Member of the Chamber of Deputies
- In office 15 May 1949 – 15 May 1957
- Constituency: 7th Departamental Group (Santiago, 1st District)

Ambassador of Chile to Italy
- In office 1956–1959

Ambassador of Chile to Colombia
- In office 1965–1970

Personal details
- Born: 11 August 1918 Santiago de Chile, Chile
- Died: 15 November 1987 (aged 69) Chile
- Party: Agrarian Labor Party; National Popular Party;
- Occupation: Dentist, diplomat and politician
- Committees: Foreign Relations Committee

= Francisco Lira Merino =

Chilean dentist, diplomat and politician (1918-1987)

Francisco Javier Lira Merino (11 August 1918 – 15 November 1987) was a Chilean dentist, diplomat and politician affiliated first with the Agrario Laborista Party and later with the National Popular Party.

== Early life ==
He was born in Santiago de Chile to Francisco Javier Lira Montesinos and Celia Merino Maturana. He studied at the Colegio de los Sagrados Corazones de Santiago and later entered the Faculty of Dentistry at the Universidad de Chile, obtaining his degree as dentist in 1941.

He married Inés Bianchi Barros on 14 May 1943; the couple had nine children. He joined the Agrario Laborista Party in 1949, later entering the National Popular Party in 1958, becoming its president in 1960.

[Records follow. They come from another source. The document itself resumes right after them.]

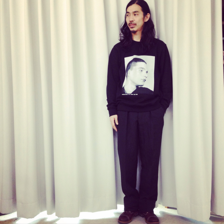 ラフシモンズの上質なスウェットは着心地と、インパクトのあるプリントが印象的です!スラックスとのスタイリングを。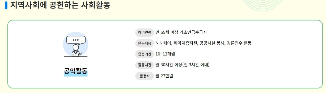 • 참여연령 : 만 65세 이상 기초연금수급자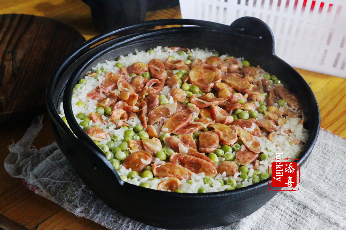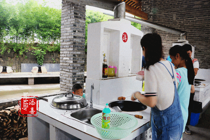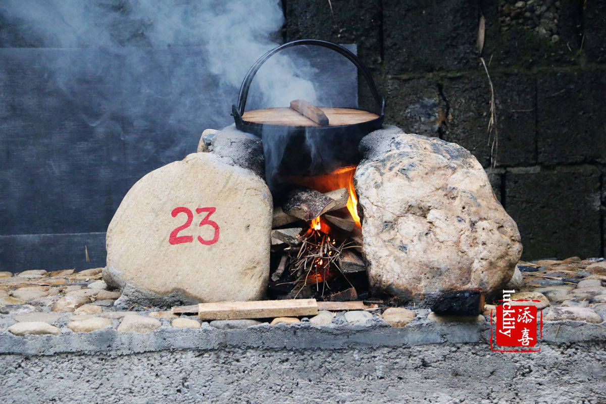 一天玩下来,两顿饭都可以在景区内自己做,中午时间短,可以来“天下第一锅“预约煮上一锅腊味饭,这时节快到了端午了,吃豌豆腊肉饭正是时令,石头砌的灶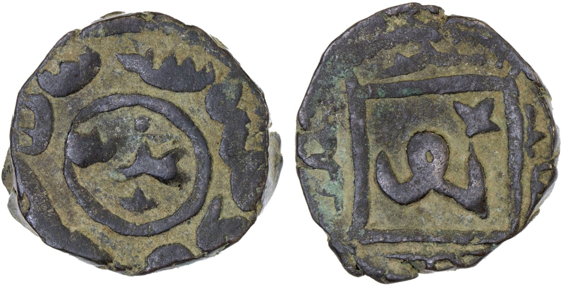 GREAT MONGOLS: Anonymous, ca. 1260, AE jital (3.33g), Ghazna, AH658, A-3771B, clear date in Arabic, mint name in the obverse center, denomination "jou" in the reverse center, VF, R.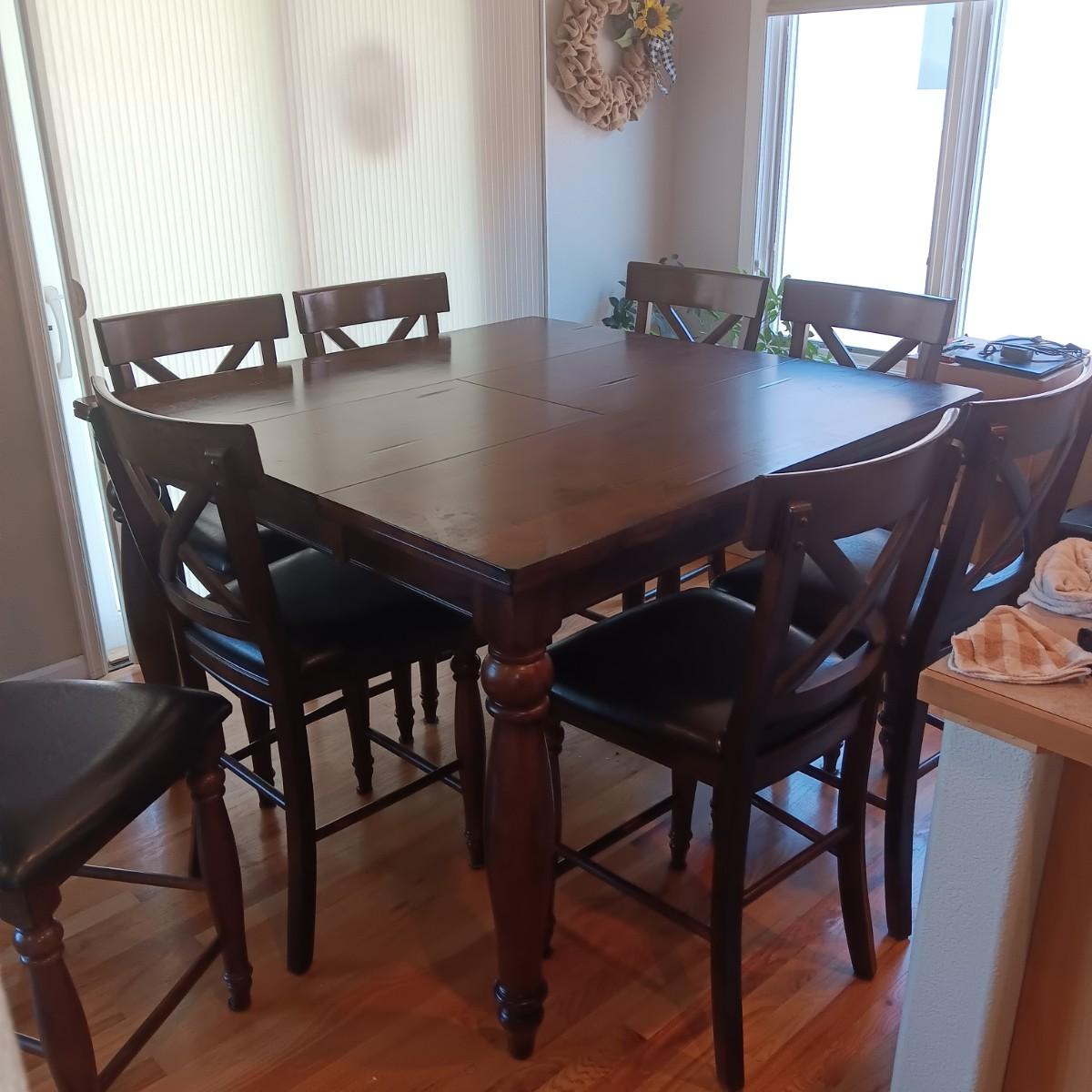 VERY NICE COUNTER HEIGHT DINING TABLE W/BUTTERFLY LEAF AND 8 CHAIRS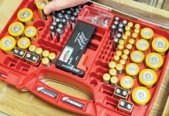 The Ultimate Battery Organizer stores up to 180 batteries, so you can find the ones you need right away. And, it stores the included battery tester to check the life of your batteries.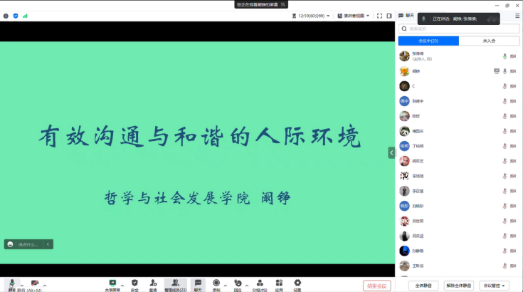 在线上举办“走进心灵”有效沟通讲座,学院党委副书记、研究生辅导员阚铮担任主讲,2022级部分研究生参加。

== Parliamentary career ==
Lira Merino was elected Deputy for the 7th Departamental Group of Santiago (1st District) in the 1953 parliamentary election, representing the Agrario Laborista Party. During his term (1953–1957) he served on the Foreign Relations Committee.

== Diplomatic career ==
He was appointed Extraordinary and Plenipotentiary Ambassador of Chile to Italy from 1956 to 1959. Later, under subsequent administrations, he served as Ambassador of Chile to Colombia between 1965 and 1970.